QLD government hit foreign investors with new property tax.
The property industry accused the Queensland government of a blatant cash grab after it decided to impose a 3 per cent charge on foreign purchases of houses and apartments.The extra tax, which follows Victoria’s 7 per cent foreign investor surcharge imposed in April, will scare away foreign investment in south-east Queensland, the property industry said.
The Baird government is preparing to introduce additional property taxes on foreign investors in its budget on June 21.Treasurer Curtis Pitt said the government would extend a first home owner’s grant by $5000 to $20,000 from July 1 in next week’s state budget.
He said the 3 per cent surcharge would add a small amount to the transfer duty already paid by property buyers.
Mutually beneficial investment
But figures provided by the Treasurer’s office showed foreign investors would now have to pay an additional $10,962 on top of the existing $11,214 in transfer duty for a $365,000 house or apartment.
“This will ensure foreign purchasers of residential property, who benefit from government services and infrastructure, make a contribution to their delivery – as local buyers do,” Mr Pitt told the Queensland Media Club in Brisbane on Thursday.
“We welcome mutually beneficial foreign investment.

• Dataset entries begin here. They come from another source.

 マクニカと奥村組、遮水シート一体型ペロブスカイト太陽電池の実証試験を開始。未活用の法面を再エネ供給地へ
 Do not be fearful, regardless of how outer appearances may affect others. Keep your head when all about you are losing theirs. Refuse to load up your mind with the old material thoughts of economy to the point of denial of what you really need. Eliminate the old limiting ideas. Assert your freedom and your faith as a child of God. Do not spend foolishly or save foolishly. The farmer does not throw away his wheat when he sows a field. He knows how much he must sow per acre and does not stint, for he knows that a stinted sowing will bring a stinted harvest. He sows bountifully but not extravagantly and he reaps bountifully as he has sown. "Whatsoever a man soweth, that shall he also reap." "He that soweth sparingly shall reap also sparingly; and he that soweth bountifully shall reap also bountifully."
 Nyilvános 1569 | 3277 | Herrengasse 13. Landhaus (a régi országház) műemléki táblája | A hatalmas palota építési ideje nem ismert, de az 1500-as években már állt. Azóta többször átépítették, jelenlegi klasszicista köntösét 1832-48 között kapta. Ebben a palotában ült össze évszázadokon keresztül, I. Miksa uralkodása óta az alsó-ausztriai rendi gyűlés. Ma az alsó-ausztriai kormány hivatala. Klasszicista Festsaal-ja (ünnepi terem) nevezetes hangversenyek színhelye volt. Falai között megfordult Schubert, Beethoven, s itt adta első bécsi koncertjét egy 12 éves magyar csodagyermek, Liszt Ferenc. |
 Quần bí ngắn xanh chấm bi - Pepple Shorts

We are confident this surcharge – that does not affect Queenslanders – will also not affect the interest foreign investors have in sharing our state’s economic strengths.”
Property Council of Australia Queensland executive director Chris Mountford said it was a broken promise because the Treasurer emphatically ruled it out in May last year following Victoria’s decision.

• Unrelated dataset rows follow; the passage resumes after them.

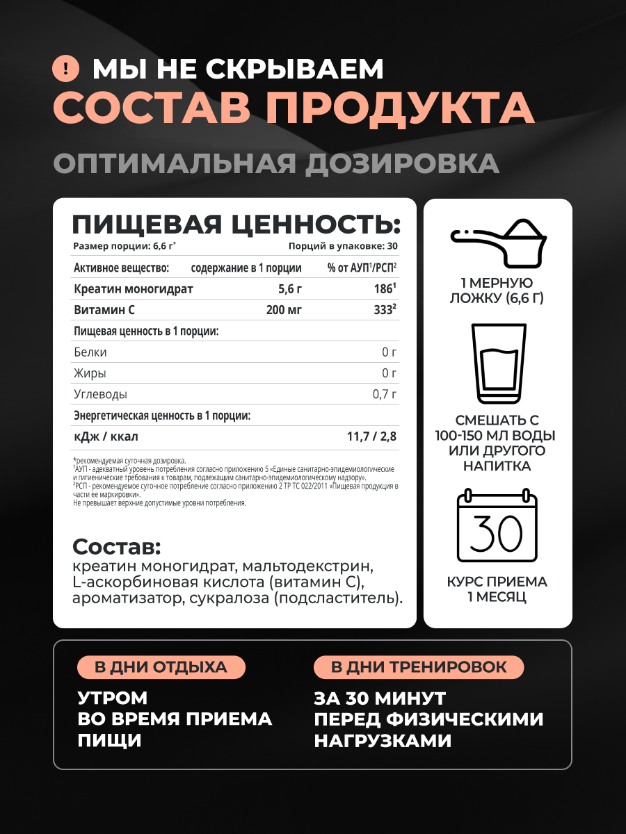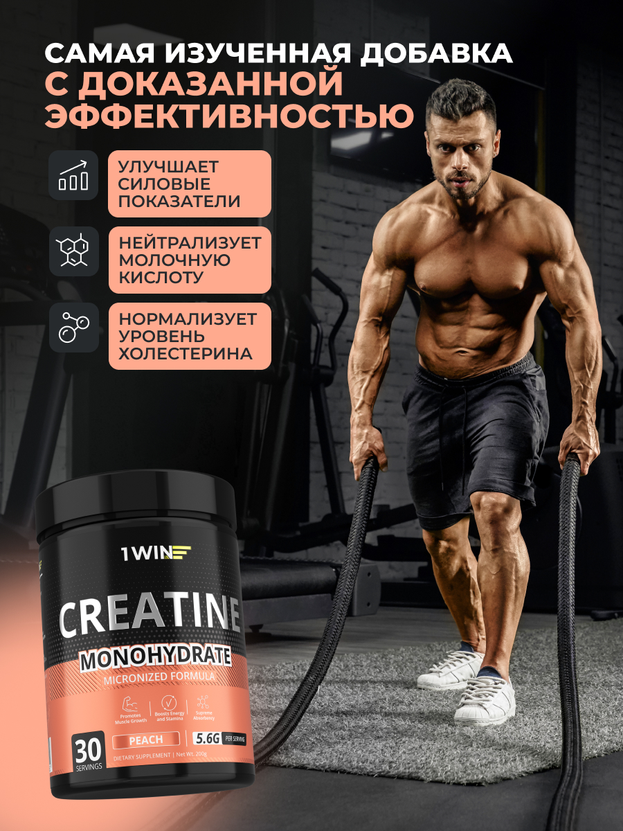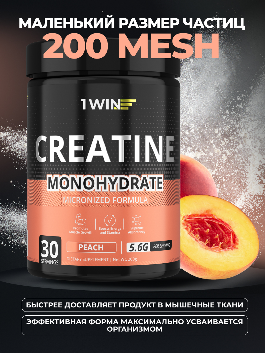 1WIN / Creatine Monohydrate, Креатин моногидрат, Вкус Персик, 30 порций
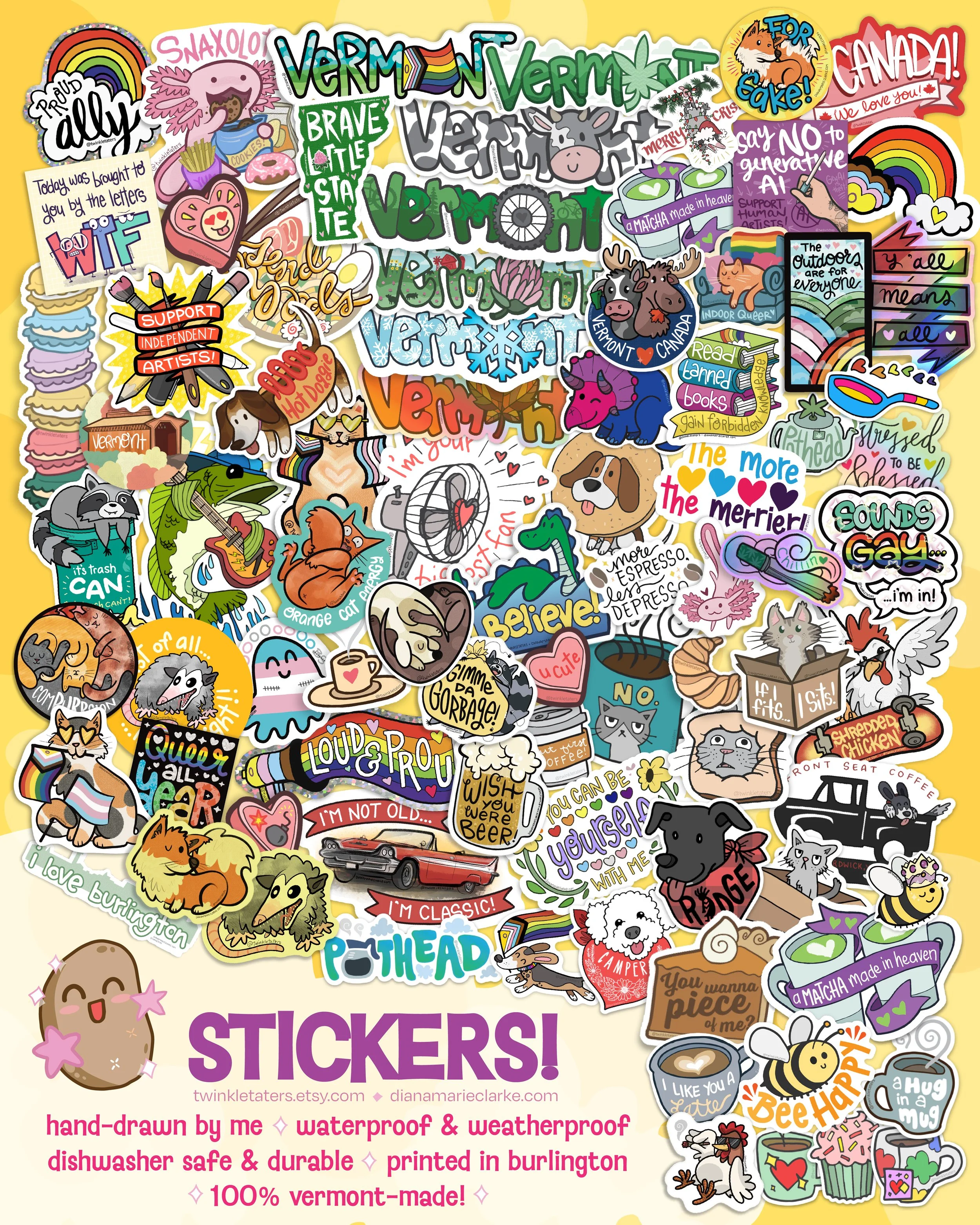 All of my stickers are brainstormed, drawn, created, and produced in Vermont! My designs start as pen and ink drawings by me, from my sketchbook... no AI or Canva to be found here. These are my original illustrations! I then finish the design in Adobe Photoshop and Illustrator, and send my finished design to be produced/printed by The Sticky Brand, who is an environmentally conscious custom sticker company based locally (for me) in South Burlington, VT.
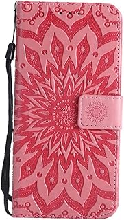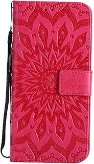Sangrl Coque pour Huawei Y6 2018/Honor 7A/Enjoy 8E/Y6 Prime 2018/Honor 7A Pro, Premium Housse en PU Cuir [Fonction Support] [Titulaire de la Carte] Motif de Fleur de Soleil en Relief Flip Case Rouge
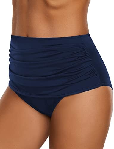 GRAPENT Women's High Waisted Swim Bottom Ruched Bikini Tankini Swimsuit Briefs
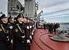 Russlands president Vladimir Putin besøker en øvelse med Nordflåten og Svartehavsflåten om bord i marinefartøyet «Marskalk Ustinov» i Sevastopol havn på Krim 9. januar 2020.
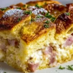 Delicious Monte Cristo Breakfast Casserole with ham, cheese, and eggs
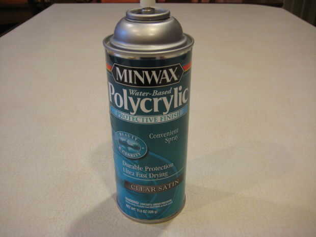 Todos los pedazos de madera fueron acabados con agua MinWax Polycrylic basado en un claro satinado acabado. Este material se seca muy rápido si no has usado antes. La mayoría de las piezas de la pista eran aerosol acabado. El spray hace mucho más fácil aplicar un acabado a la extraña forma de piezas.
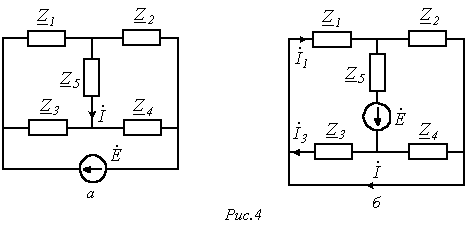 В качестве примера использования данного принципа рассмотрим цепь на рис. 4,а, в которой требуется определить ток
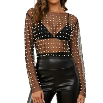 Naileksi Women Pearl Rhinestone Sheer Mesh Crop Top - Long Sleeve Slim Fit
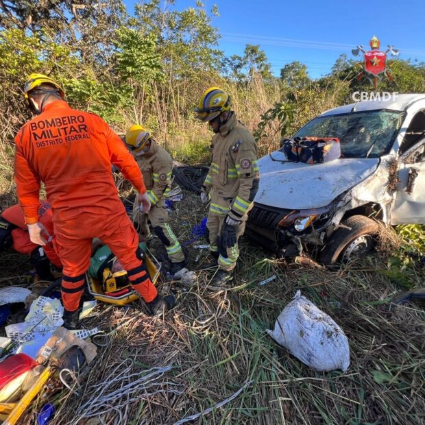 O Corpo de Bombeiros do Distrito Federal foi chamado às 07h08 e enviou três viaturas para o socorro. Eles encontraram uma caminhonete Mitsubishi L200 Triton, branca, caída na ribanceira.
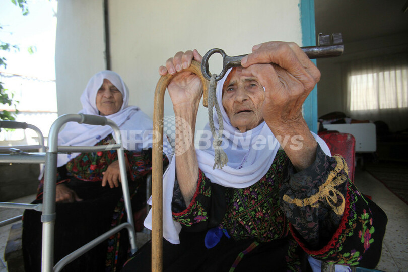 写真はヨルダン川西岸北部ヘブロン(Hebron)にある難民キャンプで、「ナクバ」まで暮らしていた自宅の鍵を見せる102歳の女性(2013年5月14日撮影)。(c)AFP/HAZEM BADER

“The Treasurer has previously committed to making Queensland the most attractive state for foreign investment, now he is looking to abandon this competitive advantage in the search for more revenue,” Mr Mountford said.“
Injecting this level of uncertainty into the property industry at this point – when the residential construction cycle continues to cool – is reckless.”
Mr Pitt said the new transfer surcharge for foreign investors would raise $15 million a year in its first year in operation and then $25 million a year in future years.The Palaszczuk government will use next Tuesday’s budget to overhaul the first home owner’s grant which was introduced by the former Newman Liberal National Party government in 2012.
Grant reaches plateau
The scheme offers a grant of $15,000 for buyers of their first newly constructed home but its uptake had plateaued in recent years.
The increased grant will be available for those wanting to buy a new home, apartment or townhouse valued at less than $750,000.
“The building industry is a key contributor to economic growth and stimulating economic activity will create new jobs directly and indirectly. Any many people need to get into the housing market,” Mr Pitt said.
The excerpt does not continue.